Jan Kaliszewski zuo at chopin.edu.pl
Fri Jul 17 10:09:20 CEST 2009 
17-07-2009, 04:25
Mike Meyer <mwm-keyword-python.b4bdba at mired.org> wrote:

> On Fri, 17 Jul 2009 14:02:34 +1200
> Greg Ewing <greg.ewing at canterbury.ac.nz> wrote:
>
>> Daniel Stutzbach wrote:
>>
>> > If the
>> > left-hand side were in the where-block's scope, then:
>> >
>> > x = 0
>> > x = i where:
>> >    i = 5
>> > print x
>> >
>> > Would print "0" not "5".
>>
>> My intuitive expectations are different for assignment
>> to a bare name vs. assignment to an item or attribute.
>> In
>>
>>    x = i where:
>>      i = 5
>>
>> I would expect x to be bound in the current scope,
>> not the where-block scope.

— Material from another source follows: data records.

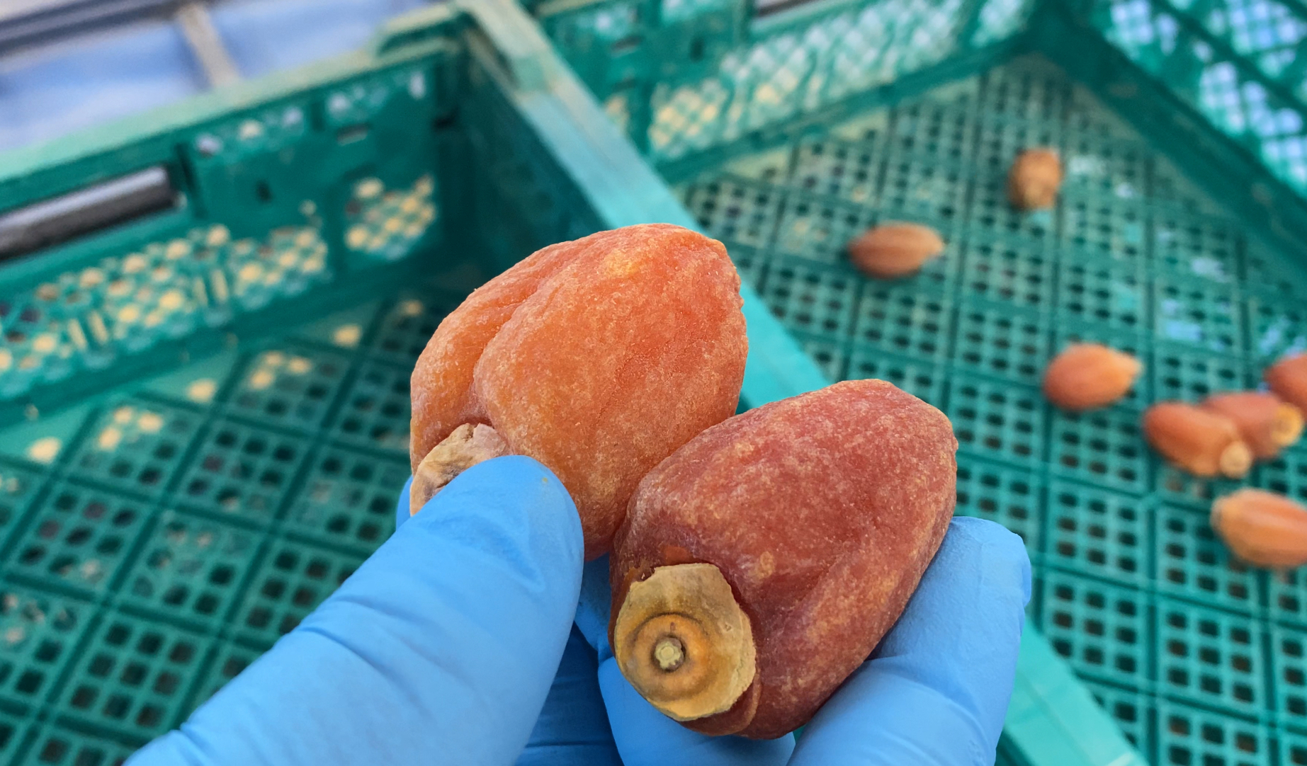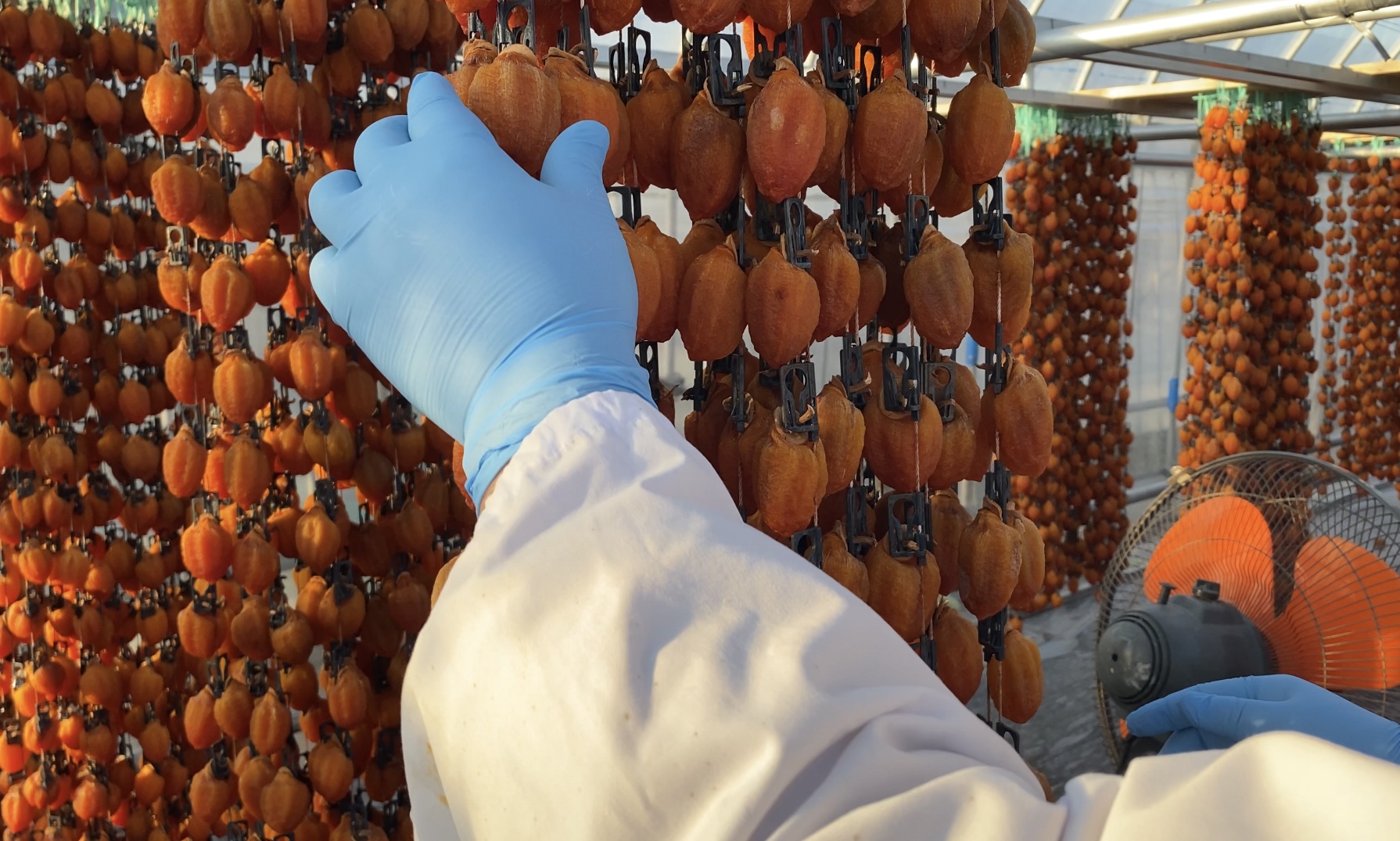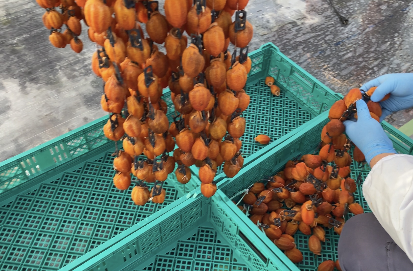 柿を干しあげていく(水分をしぼっていく)前期の工程管理も柿の状態の観察が大切ですが、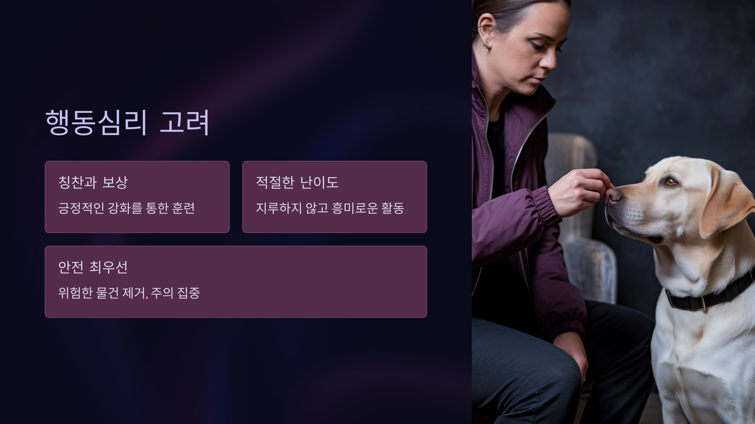 A5: 가능합니다. 칭찬이나 장난감을 활용해 반려견의 흥미를 유지할 수 있습니다.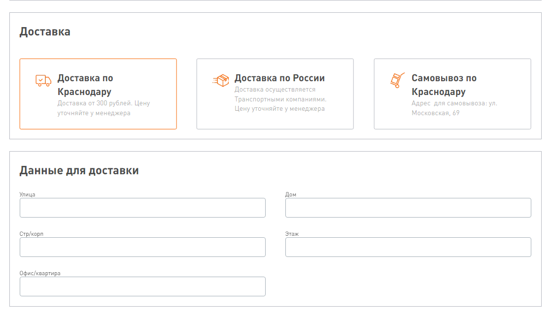 • Если вам нужна доставка по Краснодару или по России, необходимо обязательно указать адрес. Если вы выбрали «Самовывоз», то адрес можно не вносить.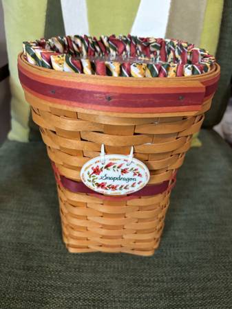 Vintage 1998 Longaberger May Series Snapdragon Basket with 2 piece Protector, Liner and Tie On (Set of Three). Excellent used condition. No damage. Liner is in excellent shape. I am selling as used but, only used on display. $30 you don't see this basket very often - for sure!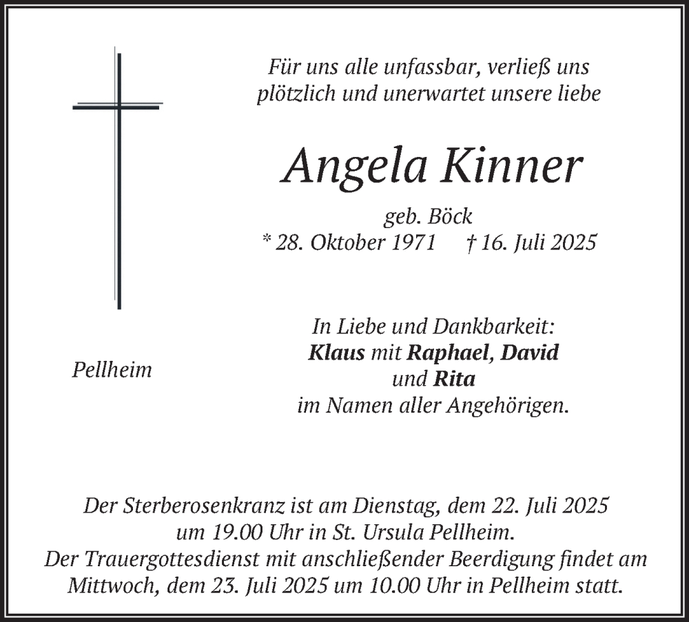 Hier finden Sie alle Traueranzeigen aus der Zeitung, die bisher für Angela Kinner erschienen sind. Weitere Traueranzeigen, die in der Zeitung erscheinen, werden hier ebenfalls aufgelistet
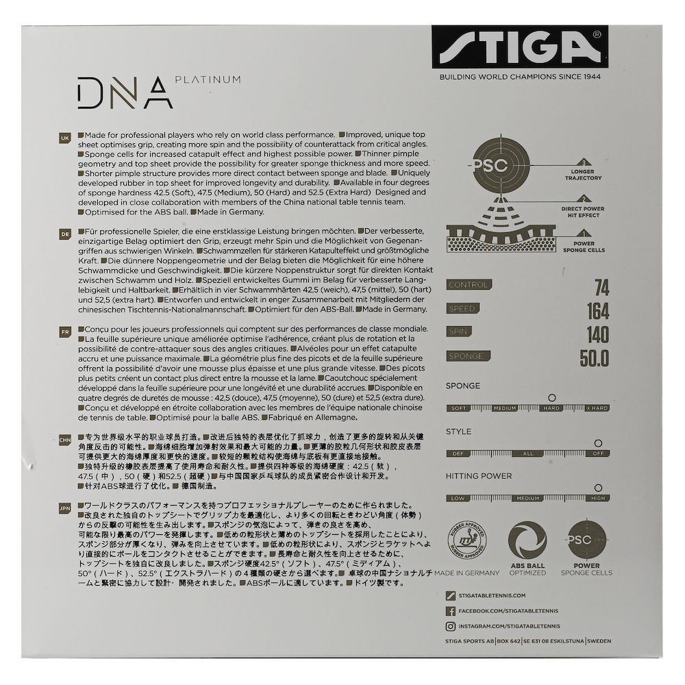 With a sponge of 50 degrees hardness, this is the hard version in the DNA Platinum series. According to Stiga product manager, Jens Lundquist, the Platinum series rubbers are much more advanced than the previous DNA Pro series and can without a doubt be used by the best world-class players. The shorter geometry of the inner pimples allows it to have the maximum sponge thickness of 2.3 mm. Made in Germany.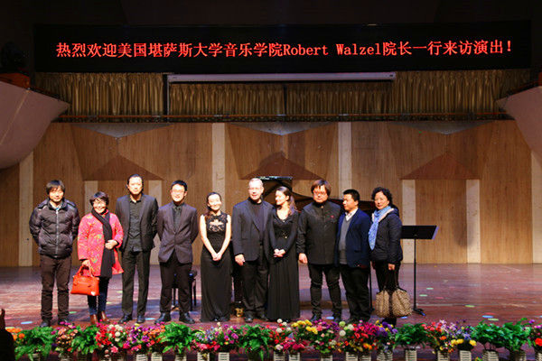 2016年2月24日晚19:30分,来自美国堪萨斯大学音乐学院的演奏家们在华中师范大学音乐厅里上演了一场别开盛宴的艺术家访问音乐会,出席本次音乐会的领导及嘉宾有华中师范大学音乐学院副院长王笑合、声乐系主任孙静梅、器乐系王凯平老师和钢琴系辛欣老师。美国堪萨斯大学音乐学院艺术团是由该校音乐学院师生组成的一个专业艺术团体,乐团的表演代表了堪萨斯州以及美国腹地的最高演奏水平。今晚的音乐会包含了各种经典曲目:从巴洛克时期大师巴赫的大提琴组曲到印象德彪西的意象集再到现代音乐家格什温的前奏曲等等。整个音乐会涵盖了鲜为人之的艺术珍宝和较为前沿的新作品。
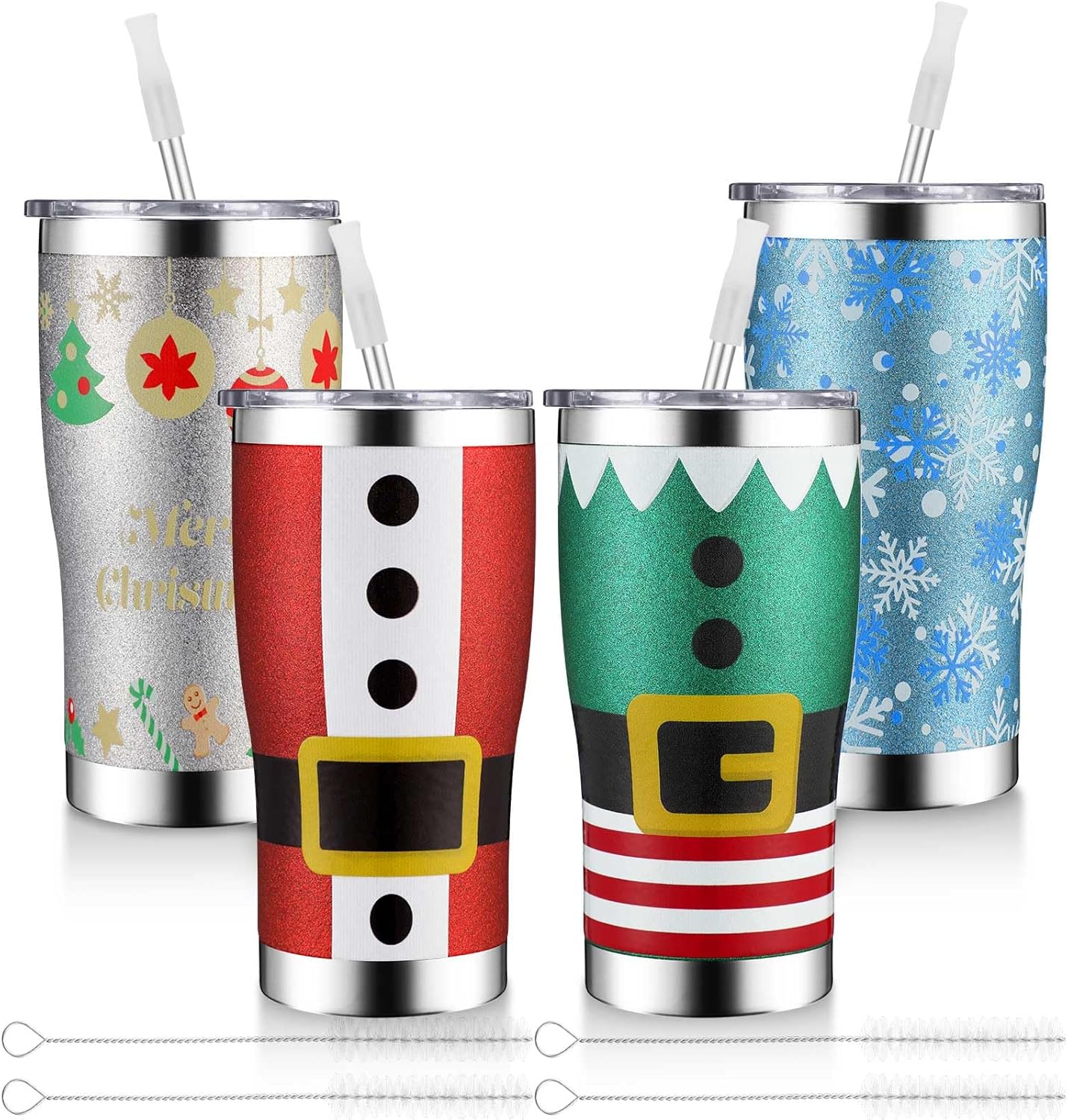 - Generous Packaging: you'll get 4 pack 20-ounce Christmas tumblers, measuring approximately 7 x 3.4 x 3.4 inches/ 17.6 x 8.6 x 8.6 cm; With 4 different patterns, you can easily distinguish between different people's glasses, and they're large enough for everyday use; The package also includes 4 stainless steel straws with lids and 4 straw brushes for easy use and cleaning

But I would expect
>>
>>    x[i] = 5 where:
>>      x = y
>>      i = 7
>>
>> to be equivalent to
>>
>>    y[7] = 5
>>
>> i.e. both x and i are *evaluated* in the where-block
>> scope.
>>
>> I'm not sure where this leaves us with respect to
>> augmented assignment, though. If you follow it to
>> its logical conclusion, then
>>
>>    x += i where:
>>      i = 5
>>
>> should be equivalent to
>>
>>    x = x.__iadd__(i) where:
>>      i = 5
>>
>> and then the evaluation and rebinding of 'x' would
>> happen in different scopes!
[snip]
> I think the intuitive behavior doesn't involve position relative to
> the assignment, but binding vs. non-bindings. What you *expect* is
> that expressions left of the where will be evaluated in the inner
> scope (created by the where), but that any bindings that happen there
> will happen in the outer scope (before the where).
>
> That makes what you want to happen happen - *most* of the time:
>
> i = 3
> x += i where:
>    i = 5
>
> increments x by 5.
>
> i = 'a'
> x[i] = 'b' where:
>    i = 'c'
>
> sets x['c'] to 'b'.
>
> Things get really ugly when the bound variables start appearing in
> both scopes combined with augmented assignments:
>
> x = 3
> x += 4 where:
>     x = 5
> print x
>
> What should this print?

I think, a good rule could be that:

All *expressions* of the target line are evaluated within the
where-block scope; and -- moreover -- those names (variables) that
are *bound* in the target line, are "leaked" to the outer scope.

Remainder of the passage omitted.